The filing is rejected on the basis they had no jurisdiction; however, the decision may be entered into evidence during an actual court proceeding without further establishment per the Song-Beverly Consumer Warranty Act which will create a strong presumption that Alice will have to overcome. It was reasonably suspectible that the decision subordinate 2 undersigned may be the basis of proceedings within the jurisdiction of federal departments or agencies (for e.g., Song-Beverly claims can be brought to federal court; allegations are within the jurisdiction of the NHTSA, and other federal agencies etc.) and therefor serious crimes were committed and, by all indications, conspired to be committed and committed as a result thereof.
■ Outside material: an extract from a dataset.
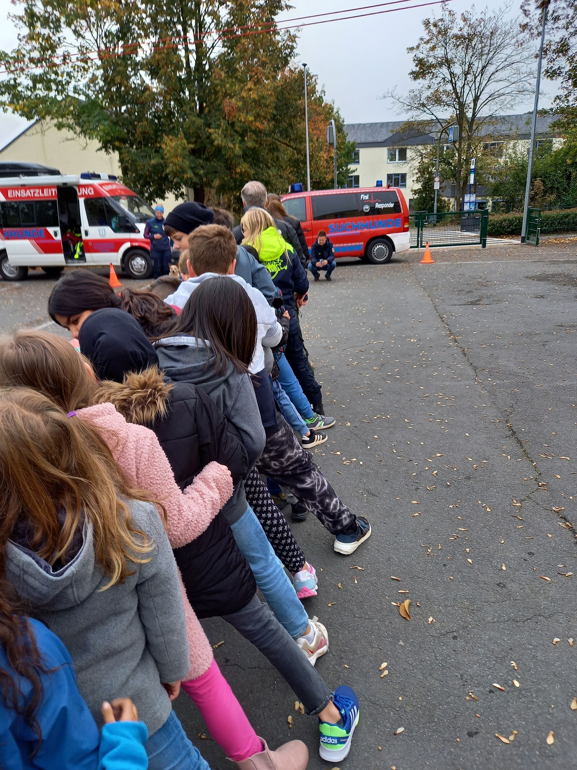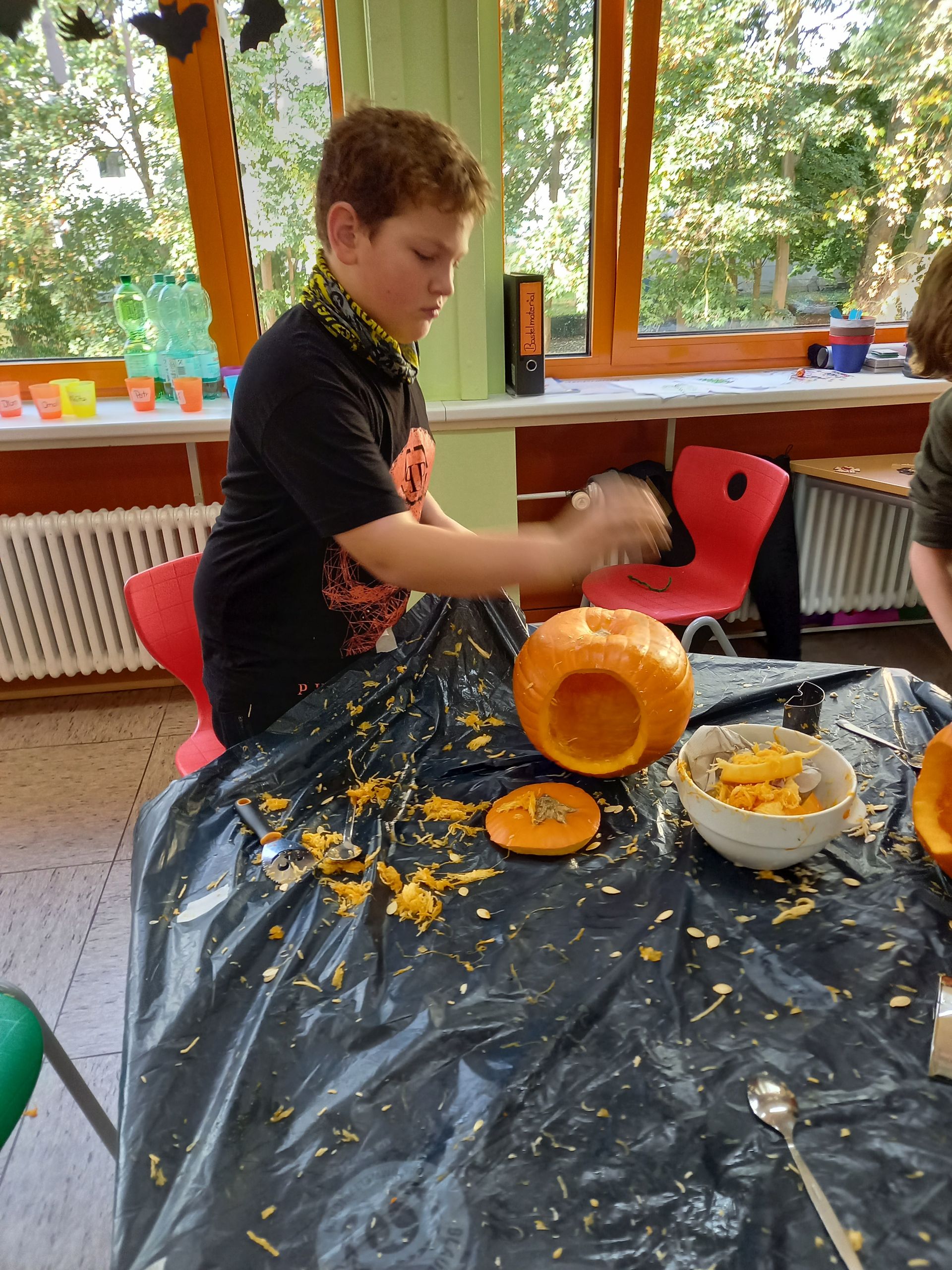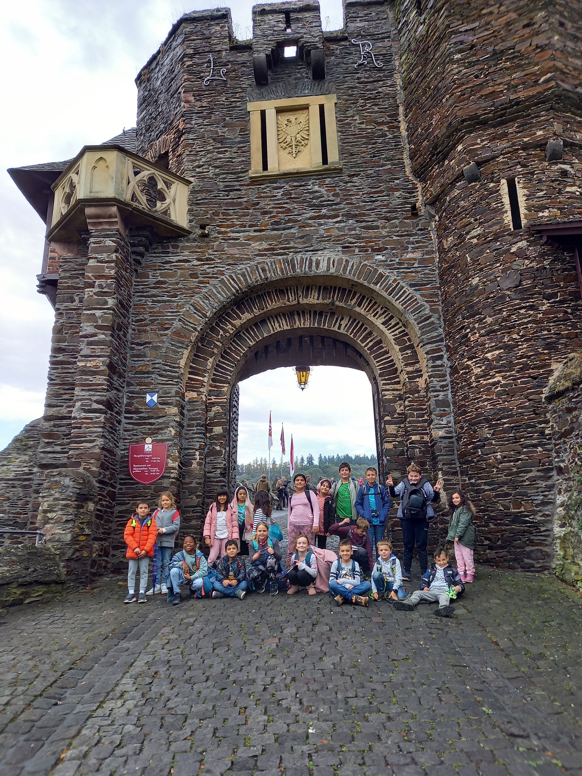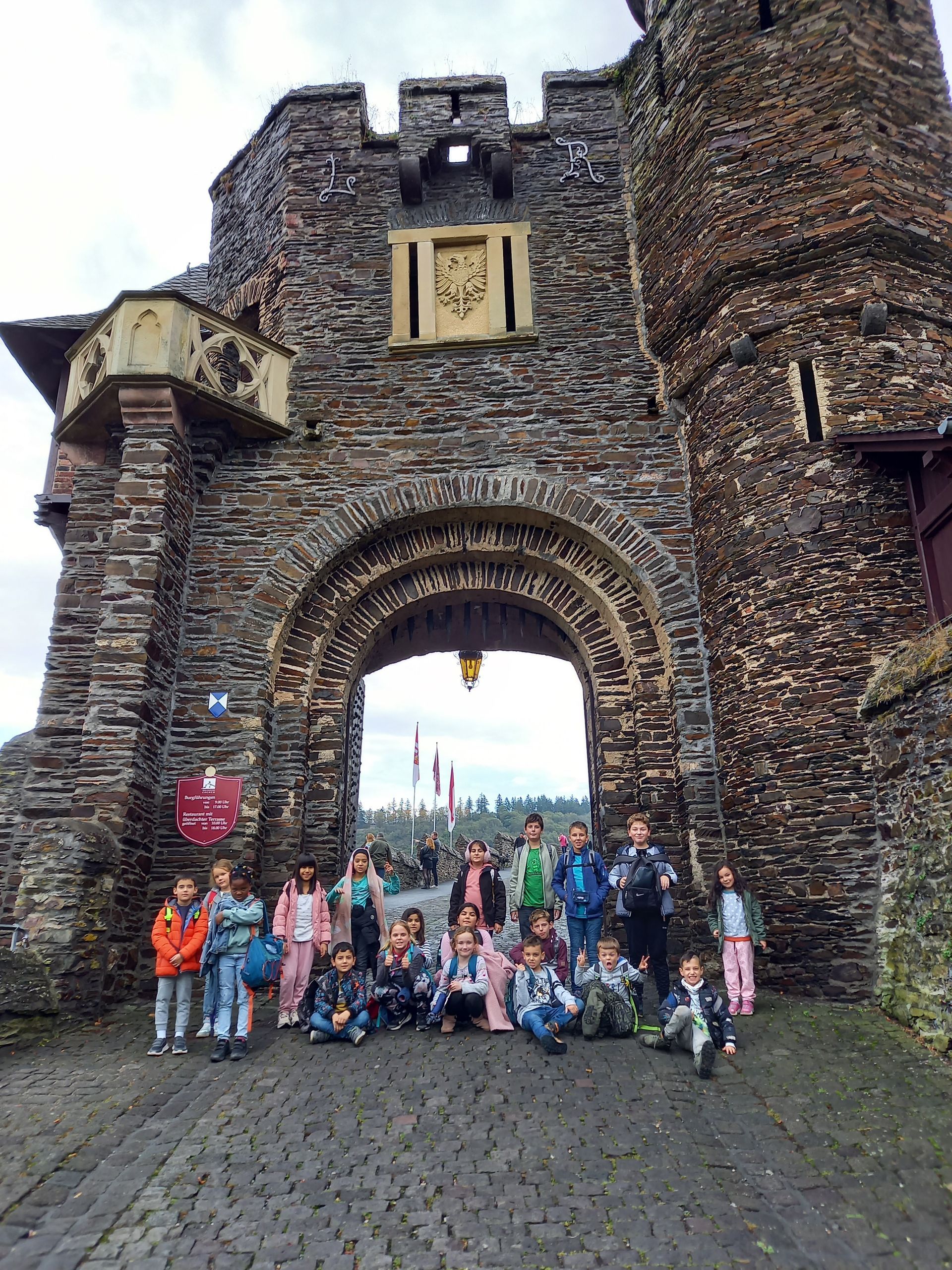 In der ersten Herbstferienwoche 16.10. – 20.10.2023 fand für 23 Grundschulkinder das BilBO Herbstferienprogramm in der Grundschule in Polch statt. Am Montag starteten alle Teilnehmenden mit einem ausgiebigen Frühstück in den Tag. Anschließend wurde die Gruppe von der „Bundesarbeitsgemeinschaft Rettungs- und Hundeführender Vereinigungen (BAG-RHV)“ besucht. Die BAG-RHV verwandelte den Schulhof in einen kleinen Trainingsplatz und zeigte den Kindern, wie die Hunde für Rettungseinsätze ausgebildet werden. Auch die Kinder konnten selbst aktiv werden und in Interaktion mit den Hunden treten aber auch selbst erfahren, was er bedeutet durch einen dunklen Tunnel zu kriechen oder mit einer Seilbahn abgeseilt zu werden. Es war ein tolles Erlebnis für die gesamte Gruppe. Am Dienstag konnten die Kinder herbstliche Fensterdekoration basteln, Gesellschaftsspiele spielen oder sich bei tollen Bewegungsangeboten in der Sporthalle auspowern. Am Nachmittag besuchte die Gruppe bei schönstem Sonnenschein den nahegelegenen Spielplatz. Am Vormittag des dritten Tages stand das ersehnte Kürbisschnitzen auf dem Programm. Mit viel Geduld und Motivation hüllten die Grundschüler und Grundschülerinnen ihre Kürbisse aus und schnitzen tolle Gesichter. Nach dem Mittagessen wurden viele Spiele gespielt und sich in der Turnhalle ausgetobt. Am Donnerstag stand der Ausflug der Woche auf dem Programm. Um halb zehn fuhr der Bus von Polch aus los Richtung Cochem. Schon vom Moselufer aus bewunderten die Kinder die Burg. Nach einer kleinen, aber doch anstrengenden Wanderung erreichte die Gruppe das Ziel. Nachdem das Souvenirgeschäft geplündert wurde, startete die interaktive Führung. Zu Beginn kleideten sich alle Kinder dem Burgflair entsprechend. Anschließend wurde die Burg erkundet. Das Highlight des Tages war der letzte Raum. Hier konnten die Kinder ein Kettenhemd und Teile einer Ritterrüstung anprobieren, ein Spinnrad bedienen und echte Schwerter einmal anfassen. Nach dieser aufregenden und spannenden Führung fuhr die Gruppe um 15:00 Uhr zurück nach Polch. Den letzten Tag verbrachte die Gruppe etwas ruhiger in der Schule. Es war deutlich zu spüren, dass viele Kinder von der abwechslungsreichen Woche müde waren. Daher wurden Kürbisse und Fledermäuse gebastelt, Spiele gespielt, in der Kuschelecke entspannt oder noch einmal in der Sporthalle gespielt. Am Ende waren sich alle Kinder einig, dass es eine tolle Woche war. Viele freuten sich schon auf die zweite Woche und damit auf das Maifelder Herbstferienprogramm. Auch die Verantwortliche Katharina Schweitzer (Schulsozialarbeitern und Leitung des BilBO Projektes an der Grundschule Polch) blickt auf eine tolle Woche zurück und bedanken sich bei den Teamer*innen für ihren Einsatz. Alle Kinder, Teamer*innen und Verantwortlichen freuen sich schon auf die Ferienprogramme im nächsten Jahr.

The document recording the filing shows the same IP address as the origin of the filing computer as each email from subordinate 1 and 2 and their supervisor; it is clear on the face of it, that the filing was done by an individual with access to the arbitrators’ internal network (the filing occurred via their intranet instead of over the Internet) and further corroborating evidence that at least subordinate 2 and the supervisor are the perpetrators because ever since their filing, they ceased all communications while up until that point they in due course they replied emails, and failed to rectify or inform Alice of any investigation or any result thereof.

The arbitrator, both subordinates and the supervisor were located at the time in Texas; Alice in California.

Questions

Does Alice have a personal cause of action for any damages against the arbitrator, for e.g., on grounds of emotional distress, on the grounds of identity theft, or 18 U.S.C. § 371 to commit a violation of U.S.C. § 1028(d)(7)(A) against or at the detriment of behest of Alice?

Which state would have jurisdiction, California or Texas; or either at the choosing of Alice?

Does it matter that it is extremely difficult for Alice to part take in the proceeding in Texas? What if it is unreasonably difficult?

If a California statute was violated, can Alice sue on that basis in California or she would have to do that in Texas, too?

Small claims action

Reading another question, I found this interesting concept that “The European Small Claims procedure is designed to simplify and speed up cross-border claims of up to €5000”; is there something similar in U.S. disputes where the parties are in different states? Would Alice be allowed to files suit in California for any reasons founded in the above fact patterns in Small Claims court in California if a superior court would require her to file suit in Texas?


Secindary facts for more context

Alice is a buyer of a vehicle subject to the Song-Beverly Consumer Warranty Act. Her car is a lemon, and seeks relief with the non-binding arbitrator of the manufacturer of the car.

She send her complaint to the arbitrator with an armada of disclaimers excluding any change to the complaint without her signature.

The arbitrator is subject to federal and state law providing it only had 40 days of the date of filing to render an expeditious and fair decision. The arbitrator denies receipt on 12 moot grounds, and Alice objects to the violations of law and rules of arbitration to retain her rights during the proceedings. Her challenges are expressly and/or impliedly yielded to by the arbitrator who reduces its reservations to 2 issues, and eventually surrenders to one of the last two. 18 days passed, and the arbitrator failed to initiate the proceedings despite a complaint with several hundreds of pages of evidence.

Having retained her rights by the objections she made meant the arbitrator once admitting to the last unsubstantiated cause of rejection would have meant that the arbitrator should have started on the date of actual receipt, and they just shot themselves in the foot with what they wanted to use for their advantage to weaken the consumer’s, Alice’s case.

The arbitrator never received Alice's consent, express, implied or effective, in fact, Alice, at all times relevant to the question, ferociously objects to any attempts to compel her to consent to filing anew even to the extent to comply with the unsubstantiated causes for rejection.